- D3.544 - Allergic biomarkers and clinical outcomes in lung cancer patients treated with immune checkpoint inhibitors: a pilot study

Type 2 inflammation biomarkers may influence response and immune-related adverse events (irAEs) to immune checkpoint inhibitors (ICI), but their role in lung cancer remains poorly characterized

Retrospective pilot study including 13 patients with advanced lung cancer receiving ICI-based therapy (pembrolizumab-chemotherapy, n=7; durvalumab-consolidation, n=3; pembrolizumab-monotherapy, n=3). Baseline assessments included total IgE, serum tryptase, aeroallergen skin prick tests, FeNO, peripheral eosinophils, LDH, neutrophil-to-lymphocyte ratio (NLR), Charlson index, PD-L1 expression, and molecular profiling (KRAS, TP53). Clinical outcomes included objective response rate (ORR), progression-free survival (PFS), and irAEs. Spearman correlations assessed biomarker associations.
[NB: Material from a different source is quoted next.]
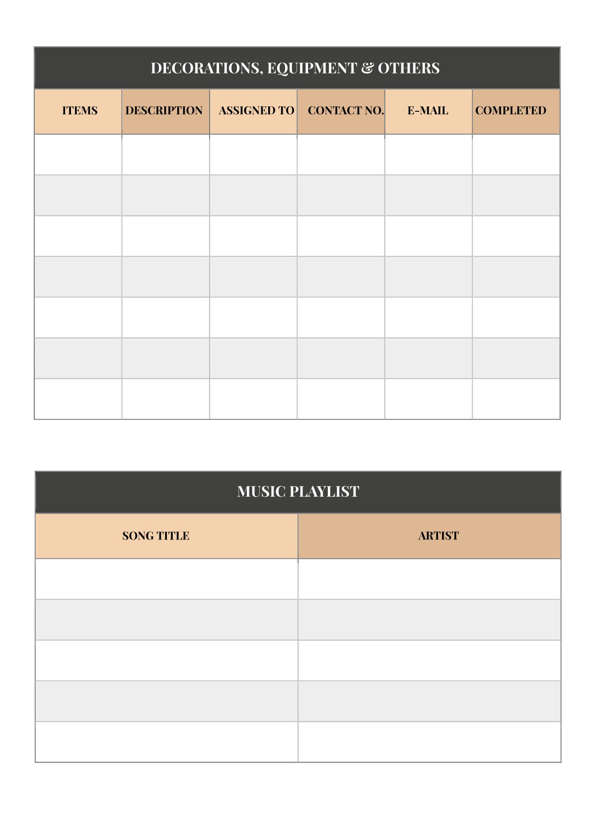 gift event planner, party planner printable, event budget tracker, guest list and rsvp, menu planner pdf, program timeline, decorations and equipment list, music playlist sheet, celebration planner, instant download pdf

Median age 65 years (range 50-78); 85% male; ECOG 0-1: 77%; median Charlson: 3. Histology: adenocarcinoma 62%, small-cell 15%, others 23%. KRAS mutations: 50% (6/12 tested); TP53: 46% (6/13); concurrent: 8% (1/13). PD-L1 ≥50%: 33%; 1-49%: 17%; <1%: 50%. LIPI: good 46%, intermediate 38%, poor 15%. Median baseline IgE: 33.8 IU/mL (range 5.49->5000); tryptase: 4.96 µg/L; FeNO: 23 ppb; eosinophils: 190 cells/µL; NLR: 2.94; LDH: 237 U/L. Aeroallergen sensitization: 31% (4/13). One patient had extremely elevated IgE (>5000 IU/mL) with an occupational asthma history. IgE correlated positively with Charlson (ρ=0.62, p=0.024) and negatively with NLR (ρ=-0.57, p=0.044). No associations were observed between allergic biomarkers and KRAS/TP53 status, LIPI, or PD-L1 expression. Clinical outcomes: ORR 83% (10/12 evaluable); 2 complete responses, 8 partial responses. Median PFS: 17.3 months (95%CI not reached due to sample size). Grade ≥2 irAEs occurred in 38% (5/13): pneumonitis (n=1), polyneuropathy (n=1), cytopenias (n=3). No significant associations were identified between baseline allergic biomarkers and tumor response (p>0.05) or irAE incidence, though limited sample size precluded definitive conclusions.

In this exploratory pilot study, elevated IgE was associated with greater comorbidity and, paradoxically, lower systemic inflammation (NLR), suggesting potential interactions between the allergic phenotype and host factors. Despite high ORR and encouraging PFS, no relationship was observed between type 2 biomarkers and treatment outcomes. These preliminary findings warrant validation in larger cohorts to determine whether integrating allergic, genetic, and inflammatory biomarkers can improve predictive models for ICI efficacy and safety.